Where have you been, Chandrika?

Oh, many places. All at the same time. Can you believe that?

When will you be back?

Your guess is as good as mine.

For good. That is.

What if I am gone for good?

***

K.S. Narendran wrote these words, an inner dialogue with his wife of 25 years, Chandrika Sharma. She was one of 239 people aboard Malaysia Airlines Flight 370 when it disappeared a year ago on March 8. Narendran still struggles at leading a life without her, as is revealed in the rest of his imagined conversation:

***

I have been thinking about a good long chat with you, Chandrika.

About time, don’t you think? What has taken you so long? Silly question. You always took far too long. The time you take to think, go through conversations in your head. Was I even needed to be around?

Was that your usual acerbic blast? Should I protest? Be hurt? Was this how I imagined the conversation would go? You read my mind one more time.

I guess I shouldn’t fight. It’s true. On more than one occasion, I took too long and the moment passed. You, on the other hand, spoke with ease about how you felt. You didn’t linger too long and moved on. You always said that life was too short.

You are light and swift now. I see you no longer have to make an effort to keep pace with me on our daily walks.

Yes. Now I move with the speed of your thought. I am the air that you don’t see, your steady companion, moving with you, watching. I don’t have any expectations of getting your attention. I hold no grudges. I am beyond all that.

I have been with numerous people over the months. Across vast distances. Often at the same time. I went back in time and imagined the years ahead. How is that for time and space travel, huh? Unshackled. Free. No memory to chain me to the past. No aches. No pain. No chores. No striving.

No aches. That reminds me. Enough walking. It’s time to go home.

Do you know that you’ve been in our apartment with me through these last few months? Sometimes you are a mute witness. Other times, you’re an impatient whisperer of your likes and your dislikes, appreciations and disapprovals, earnest urging and frantic shoving.

I admit I have just plodded on. I feel empty. Hollow.

Our home — designed and created out of the desires we shared and the disagreements we had and worked through all these years. So come on in.

Do you notice the potted plants in the corridor?

They look pale. Does anybody give them any love?
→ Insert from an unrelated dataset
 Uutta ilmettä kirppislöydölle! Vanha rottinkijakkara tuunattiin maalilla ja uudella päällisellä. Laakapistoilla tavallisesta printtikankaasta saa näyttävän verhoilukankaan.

Well, I have been… No, I can’t make excuses. They do look like they have missed a nurturing touch. Like they have been suffering. They look drawn. Lost. But see, they are still standing. Proud and resolute.
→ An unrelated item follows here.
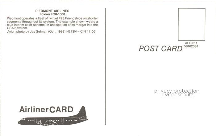 Flugzeuge Zivil Piedmont Airlines Fokker F28-1000N 273N c/n 11106 postalisch nicht gelaufen Erhaltung siehe scans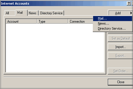 Yeni hesap oluşturmak için Add/Ekle butonundan Mail/Mesaj sekmesine basınız.

Anyway, come in. Why are you smiling? Is it because you see all the things that need tidying up?

So, some things have been moved around, I see.
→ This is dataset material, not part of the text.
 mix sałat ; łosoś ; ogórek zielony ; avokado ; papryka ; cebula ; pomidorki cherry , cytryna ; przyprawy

That’s true. A lot has been moved out, too. Our room isn’t the same. The bed is now just enough for one. You haven’t been banished yet. Just that you have been closer to me than ever before. You have got me all wrapped up in you. Rearranging the furniture has been a lot easier than reimagining life without you.

I have given away a lot of your stuff, my stuff, our stuff. It was as though I needed to shrink the immediate world to fit the size I could occupy.

Again, foolish to think I could heave away the heaviness of heart by tossing out wood, metal and cotton. Your clothes are gone. Given away to those who needed them. That was hard but I knew you would approve. It was months past the date you promised to return and your wardrobe was going out of fashion. Poor joke.

No. I get it. It was rough.

Do you? You left without a trace. All we had left were things.

They had a story to tell. They acquired a life in our contemplation. Maybe the Egyptians were sensible in packing their goods into tombs for the journey of the departed from one place to the next, the afterlife, or whatever. They left no memorabilia for the living. No yoking to memory. No choking.

Sorry. As usual, I got carried away in my own thoughts and words.

OK, then. Tell me what it has been like? All these months?

I am not sure where or how to begin, Chandrika.

I started off by being strong. By that I guess I mean I was focused, clear-headed, practical. I weighed the odds about when you might be back. Surely, you saw me watching the air crash investigation on TV.

After the initial weeks, I concluded that I may never see you again.

Where the hell have you been? No word, no phone call. No email.

It became harder from there to pick myself up day after day. The stronger I tried to be the more brittle I became. I was angry with the abrupt rupture to an otherwise uneventful existence. I was agitated that there were no satisfactory answers. Most of all, I realized how much I missed you being around. I even missed the sparring, the banter, the annoyances.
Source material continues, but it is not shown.